La nuova era “dei guerrieri” (come piacerebbe a qualcuno) del Mondo viene assunta come un dato di fatto ineluttabile, non come conseguenza di scelte politiche scellerate.

Come ha giustamente sottolineato Pavel Podvig (studioso di strategia e forze russe) domandandosi se la Francia fosse più o meno disposta a rischiare una ritorsione nucleare sulle proprie città (che non potrebbe mai fermare) in risposta ad un attacco di Putin ad un altro Paese europeo: «Le armi nucleari possono sembrare una bacchetta magica in grado di proteggervi da tutto. Ma se si affronta seriamente il dibattito strategico proposto da Macron, è inevitabile concludere che le armi nucleari non ci proteggeranno per niente».

Questo elemento di possibile “nucleare europeo“, che molti mettono sul tavolo senza prefigurarne le conseguenze, si inserisce come elemento emblematico nelle scelte di riarmo della Commissione e, a cascata, di tanti Stati dell’Unione (prima tra tutte la Germania).

Ancora una volta la prospettiva che si ha da lontano, qui a New York è illuminante. Ieri un collega statunitense mi ha chiesto: «Ma davvero l’Unione europea vede Trump come un nemico e una minaccia?
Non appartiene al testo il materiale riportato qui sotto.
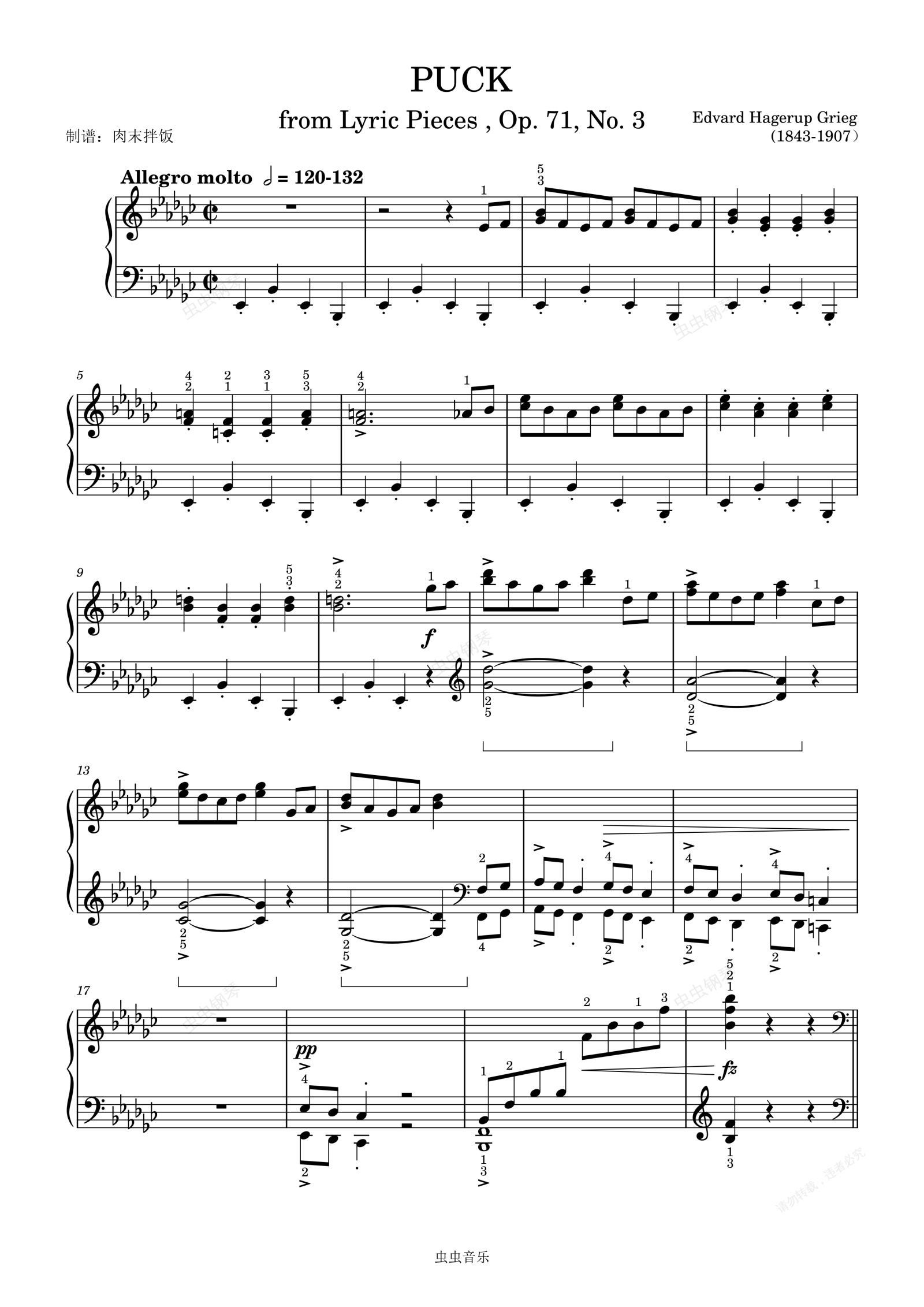 钢琴谱:《精灵之舞》/《山妖》格里格抒情小品Op. 71,No. 3-爱德华·格里格(Edvard Hagerup Grieg)
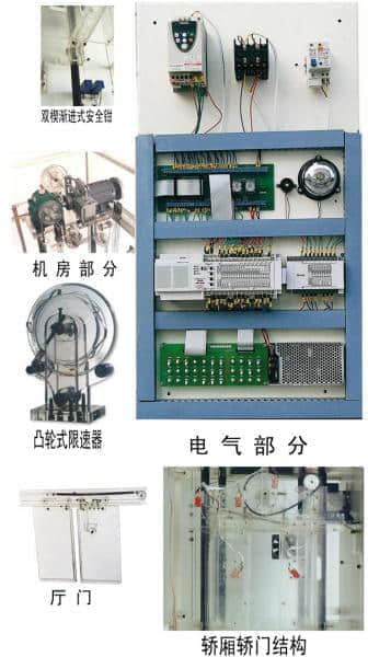 本群控電梯模型是根據(jù)最常見(jiàn)的升降式電梯結(jié)構(gòu),采用透明有機(jī)材料制成,其結(jié)構(gòu)與實(shí)際電梯完全相同,且?guī)缀蹙邆淞藢?shí)際電梯的所有功能。為了便于教學(xué),六層透明仿真電梯大部分部件均是采用透明有機(jī)材料制成,使得電梯的內(nèi)部結(jié)構(gòu)一目了然;同時(shí),教學(xué)電梯模型的運(yùn)行過(guò)程,以及每個(gè)動(dòng)作都十分明了,且可以反復(fù)實(shí)際動(dòng)手操作。能夠很直觀(guān)、透徹地了解、掌握電梯的結(jié)構(gòu)及其動(dòng)作原理,達(dá)到事半功倍的效果。解決了以往電梯教學(xué)中單純的理論教學(xué)方式或是參觀(guān)實(shí)際電梯時(shí)所帶來(lái)的不安全,無(wú)法全面了解其內(nèi)部結(jié)構(gòu)及運(yùn)行過(guò)程等種種實(shí)際問(wèn)題。
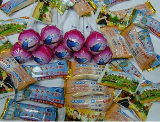 去年底“立委”選選戰開打在臺南縣還沒看到糖果外包裝加注候選人廣告,事過4個月,候選人的廣告就有了糖果廣告,甚至連棒棒糖都出爐。
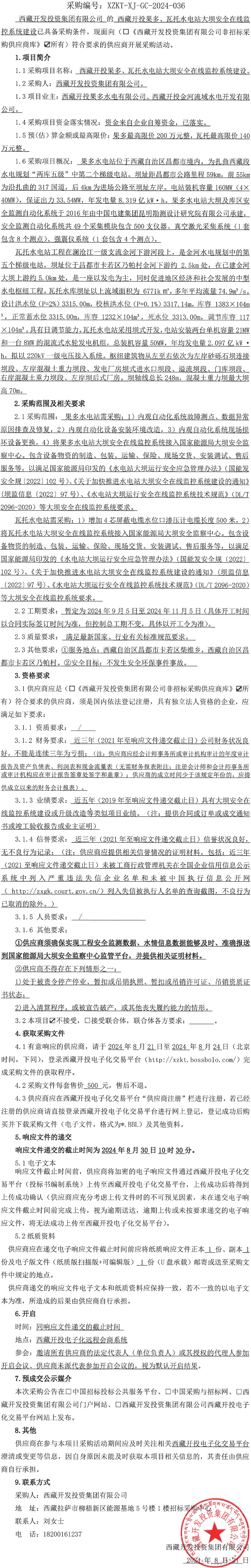 西藏開投果多、瓦托水電站大壩安全在線監(jiān)控系統(tǒng)建設(shè)詢價(jià)采購公告
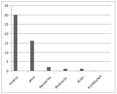 Las gráficas 5 y 6 ilustran la frecuencia registrada de las respuestas obtenidas en la prueba de contraste para el sustantivo alegría en los dos contextos analizados (C1 y C2).
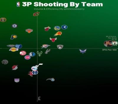 体育资讯11月15日报道宣称 今天,数据专家Kirk Goldsberry在INS上晒出了本赛季各队百回合三分出手数和三分命中率的象限图。
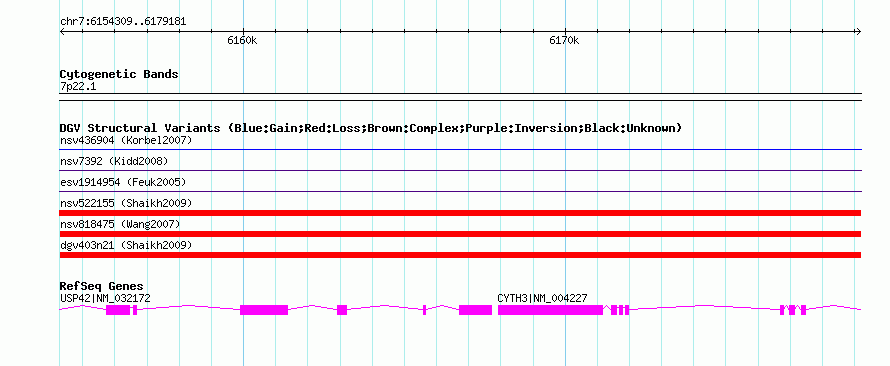 |  | Variant Type | CNV loss |  | Copy Number |  |  | Allele State |  |  | Allele Origin |  |  | Probe Count |  |  | Validation Flag |  |  | Merged Status | M |  | Merged Variants |  |  | Supporting Variants | nsv522217, nsv527386 |  | Samples |  |  | Known Genes | CYTH3, USP42 |  | Method | SNP array |  | Analysis | Sample-level CNVs |  | Platform | GPL6434 |  | Comments |  |  | Reference | Shaikh_et_al_2009 |  | Pubmed ID | 19592680 |  | Accession Number(s) | dgv403n21
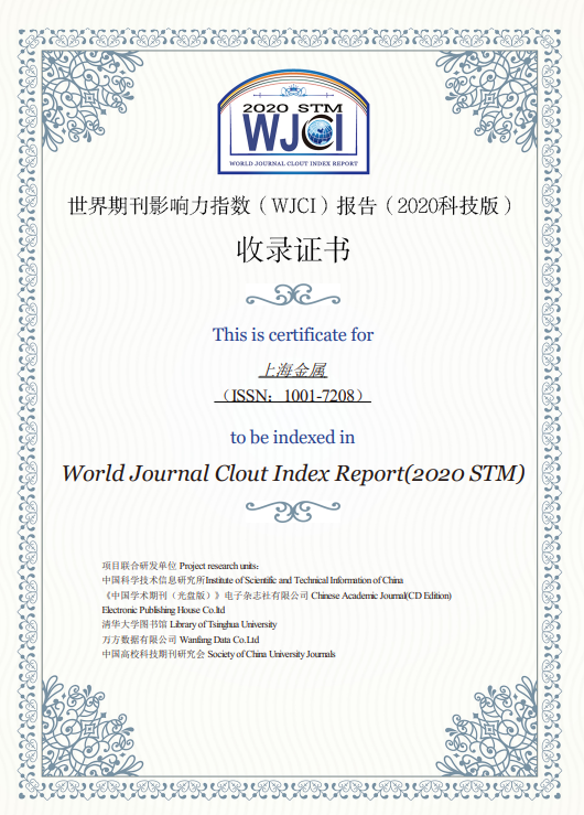 近日,《上海金属》编辑部收到《世界期刊影响力指数(WJCI)报告(2020科技版)》(以下简称《WJCI报告》)项目课题组的通知,本刊入选最新发布的《WJCI报告》。

Perché in realtà sta facendo proprio tutto quello che lui vuole che faccia!». Esatto: il piano di finanziamento alle spese militari da 800 miliardi non andrà a sciogliere alcun nodo reale per la difesa comune europea, che fondamentalmente è un problema politico, istituzionale, strutturale.

Ma soprattutto ingrosserà i fatturati già in esplosione delle industrie militari, soprattutto quelle statunitensi, togliendo anche all’amministrazione Trump l’esigenza di spendere per una situazione bellica in Europa che vede solo come intralcio. Ma senza un vero disimpegno dal nostro Continente, come commentatori troppo ligi al canone Nato continuano a ripetere, perché ma in questi mesi è stata avanzata l’ipotesi che lo renderebbe reale: l’abbandono delle basi statunitensi in Europa e la partenza delle decine di migliaia di soldati a stelle e strisce acquartierati nei nostri Paesi.
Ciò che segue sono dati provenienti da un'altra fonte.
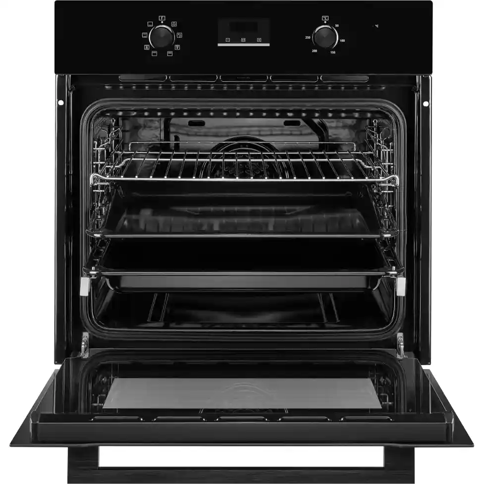 Дверца духового шкафа и внутреннее стекло снимаются, что значительно упрощает процесс очистки. Хромированные направляющие для противней обеспечивают легкое скольжение посуды, а съемная конструкция дает возможность быстро извлекать их для мытья. Три слоя закаленного стекла в дверце эффективно удерживают тепло внутри камеры и гарантируют безопасность при работе с высокими температурами.
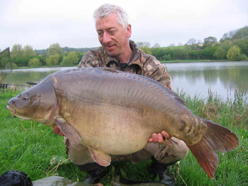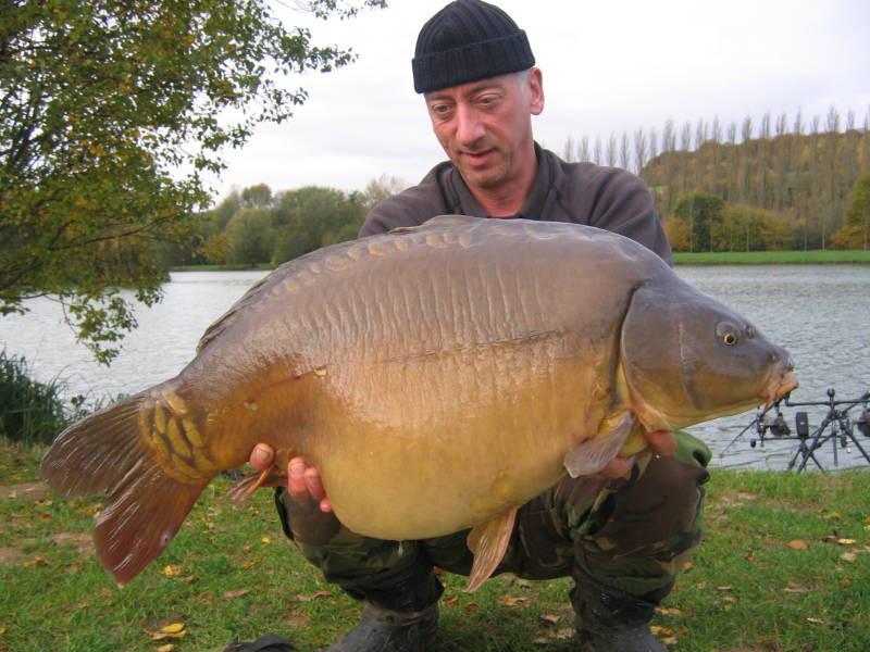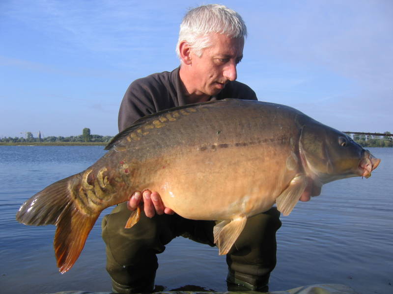 verlossende aanbeet op mijn verre stok. Na een mooie dril zie ik de vis aankomen in het kristalheldere water van de plas. Het lijkt een goeie. Als ik hem in het net de kant op til weet ik dat ik er weer een dertiger bij heb. Met 15,6 kilo en 93 centimeter een goede gok. Als ik de spullen klaar wil zetten voor de fotosessie, dendert de vis van de mat af en zo uit de weegzak terug het water in. Gelukkig weet ik hem nog net op de kant te krijgen. Maar goed dat het hier niet zo diep is aan de kant. Na wat foto’s met de zelfontspanner mag hij weer zwemmen. Moraal van dit verhaal; Shit happens, maar geluk ook! Ik vind dat ik met mijn doorzettingsvermogen en ondanks alle tegenslagen deze vis dik verdiend heb. Nog twee weken en dan rijden we weer naar Frankrijk voor een avontuur in hetzelfde dorp als in het voorjaar.
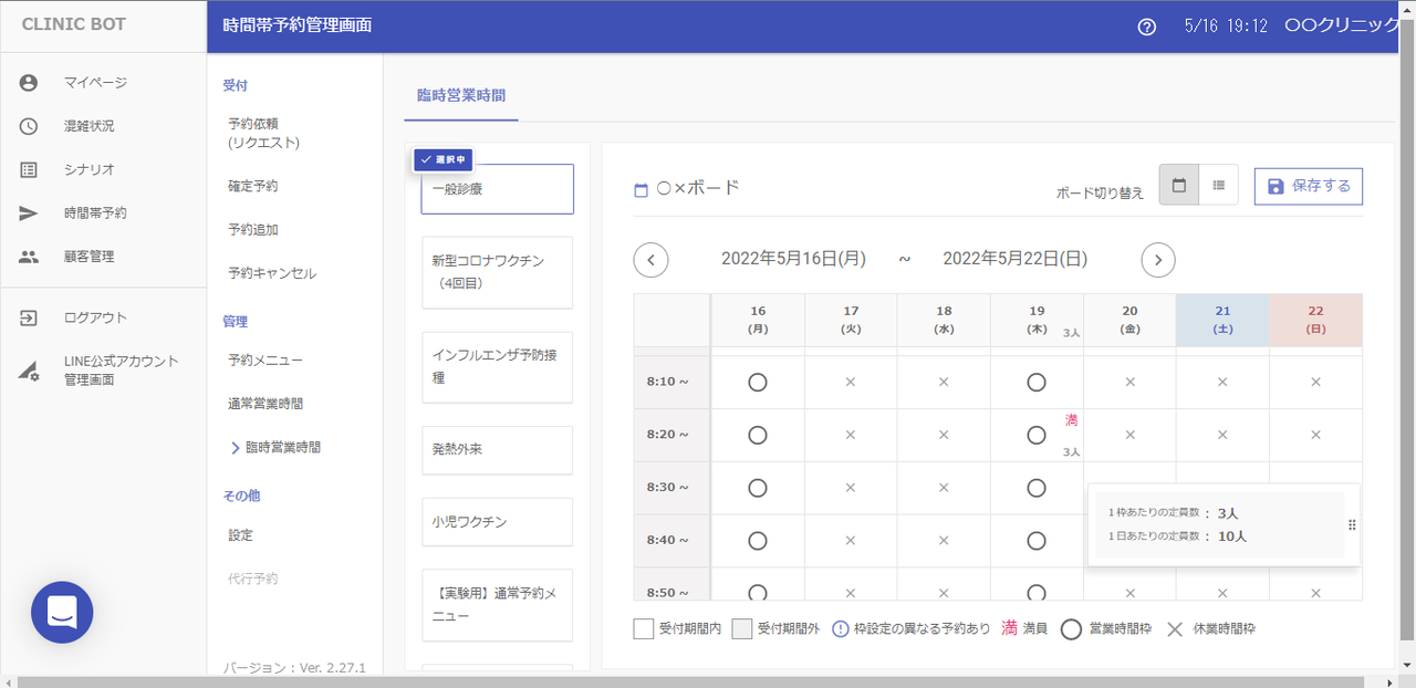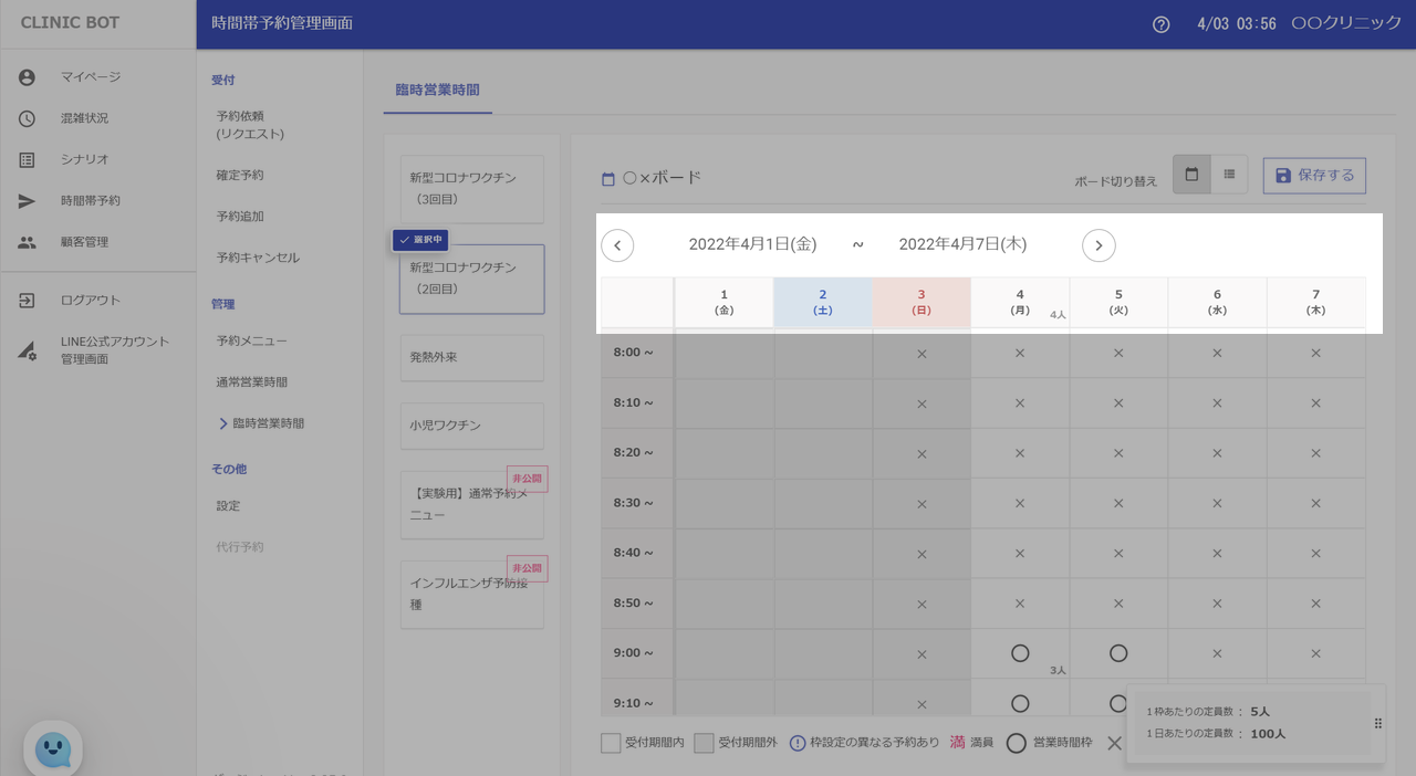 ○×ボードでは予約枠ごとに営業可否を変更でき、

Certamente per smontare la follia bellicista in corso, basata su ricette che si sono già rivelate altamente fallimentari in passato e vengono riproposte come un martellante mantra grazie alla connivenza della maggioranza dei media, bisognerà partire “dal basso” evidenziandone le contraddizioni. E anche quanto tali scelte andranno a distruggere le condizioni materiali e democratiche dei popoli che vorrebbero invece “proteggere”. Ma, paradossalmente, anche una azione dall’alto della piramide della militarizzazione, incarnata dalle armi nucleari, potrebbe essere efficace e fondamentale. Perché è da quel punto di coercizione estrema, un approccio realmente mafioso alla politica internazionale, che derivano i sistemi e le scelte che ci impediscono di costruire la pace.

Come ha dichiarato Melissa Parke (direttrice della campagna ICAN, l’organizzazione premio Nobel per la pace nel 2017): «In tempi difficili come questi, potremmo essere portati a ridurre le nostre aspettative. Ma più la posta in gioco è alta, più dobbiamo essere ambiziosi. Il nostro obiettivo deve rimanere l’eliminazione, non il semplice prolungamento del periodo di non utilizzo delle armi nucleari. E dobbiamo insistere affinché non sia un sogno lontano, ma una necessità urgente».